Task instructions >> Give the entries below again exactly. Their pictures are not needed.

═════ Data for this task

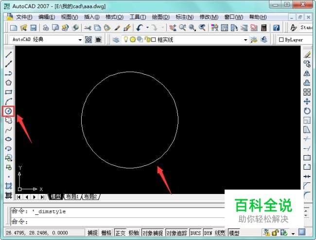 当我们觉得里面的圆心标记的十字符号有点过大的时候,可以调节其大小。首先,点击上方“标注选项”在其子菜单中找到“标注样式”选项,如图所示:
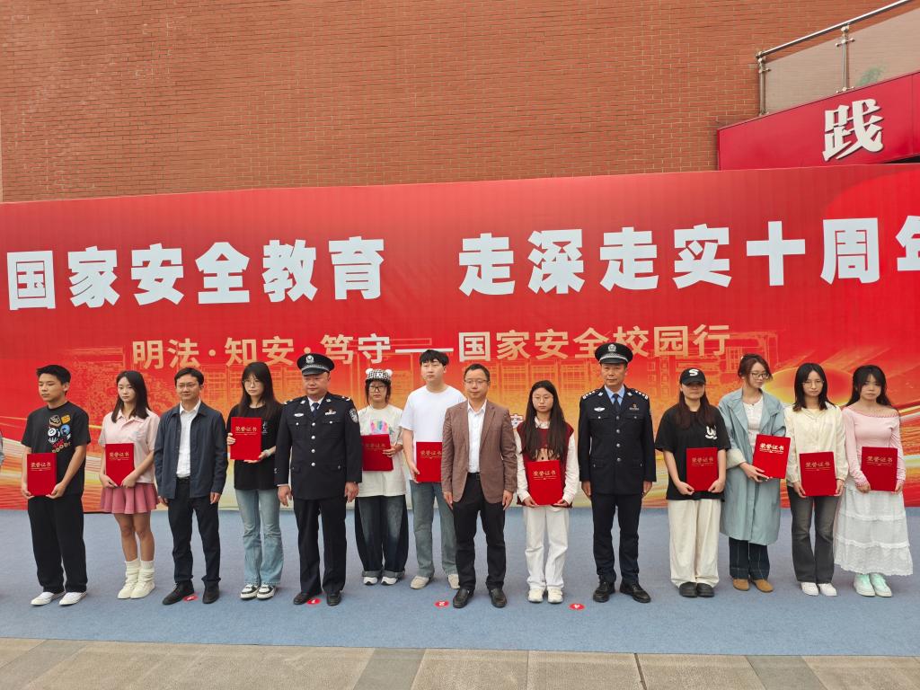 校警联动共筑安全防线。4月15日上午,“校警共建护国安”宣传暨2025年大学生国家安全素养展示获奖作品颁奖仪式在艺术传媒大楼广场隆重举行。仪式由副校长陈光平主持,市公安局副局长沈晓,市委办副主任宿都,市公安局政保支队支队长谭清福,达州市公安局宣传科、达州日报、自媒体、电视台等媒体代表、相关业务警种民警代表以及开元官网部分师生代表出席活动。
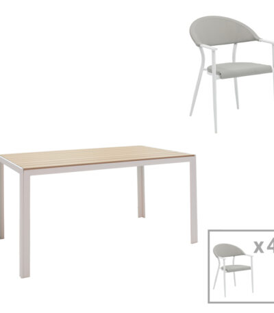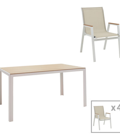 Dining table Nares-Azelie A set of 5 white aluminum and plywood in a natural shade 140x80x72.5cm
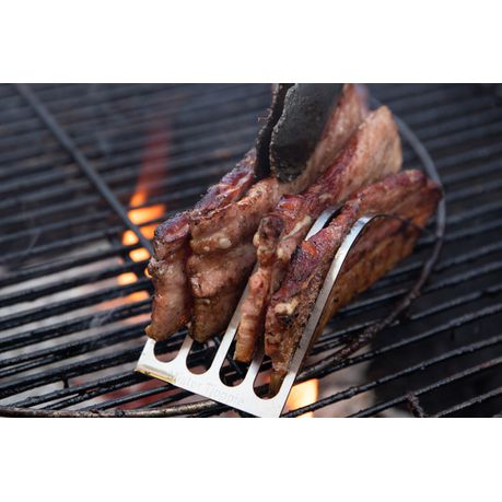 Rashers griller aka the Fat tanner is used to render the fatty portions of the meet or to get that perfect crispiness with out over cooking the rest of the meat, great for your thinner cuts like rashers, etc. No more need to try and balance or hold your desired meat with a tong. Tan that fat to perfection. Multipurpose, use it for anything else that can slide in the grooves e.g. tongs, knives. serviettes etc. Designed with stainless steel which allows you to bend the structure for shorter or longer cuts of meat. The ribs are 1cm wide, place thicker meats on the side. Place on top of your grill and closest to your desired heat. No direct contact whilst hot, use utensil to move.
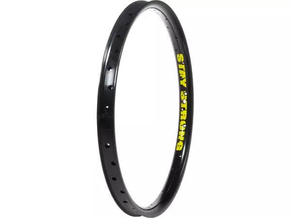 Stay Strong limited edition Alienation Skylark front rim (or rear brakeless). Same great rim that your use to running but with the Stay Strong logos (Yellow on one side and White on the other)

══════════

Finished exercise >>
 当我们觉得里面的圆心标记的十字符号有点过大的时候,可以调节其大小。首先,点击上方“标注选项”在其子菜单中找到“标注样式”选项,如图所示:
 校警联动共筑安全防线。4月15日上午,“校警共建护国安”宣传暨2025年大学生国家安全素养展示获奖作品颁奖仪式在艺术传媒大楼广场隆重举行。仪式由副校长陈光平主持,市公安局副局长沈晓,市委办副主任宿都,市公安局政保支队支队长谭清福,达州市公安局宣传科、达州日报、自媒体、电视台等媒体代表、相关业务警种民警代表以及开元官网部分师生代表出席活动。
 Dining table Nares-Azelie A set of 5 white aluminum and plywood in a natural shade 140x80x72.5cm
 Rashers griller aka the Fat tanner is used to render the fatty portions of the meet or to get that perfect crispiness with out over cooking the rest of the meat, great for your thinner cuts like rashers, etc. No more need to try and balance or hold your desired meat with a tong. Tan that fat to perfection. Multipurpose, use it for anything else that can slide in the grooves e.g. tongs, knives. serviettes etc. Designed with stainless steel which allows you to bend the structure for shorter or longer cuts of meat. The ribs are 1cm wide, place thicker meats on the side. Place on top of your grill and closest to your desired heat. No direct contact whilst hot, use utensil to move.
 Stay Strong limited edition Alienation Skylark front rim (or rear brakeless). Same great rim that your use to running but with the Stay Strong logos (Yellow on one side and White on the other)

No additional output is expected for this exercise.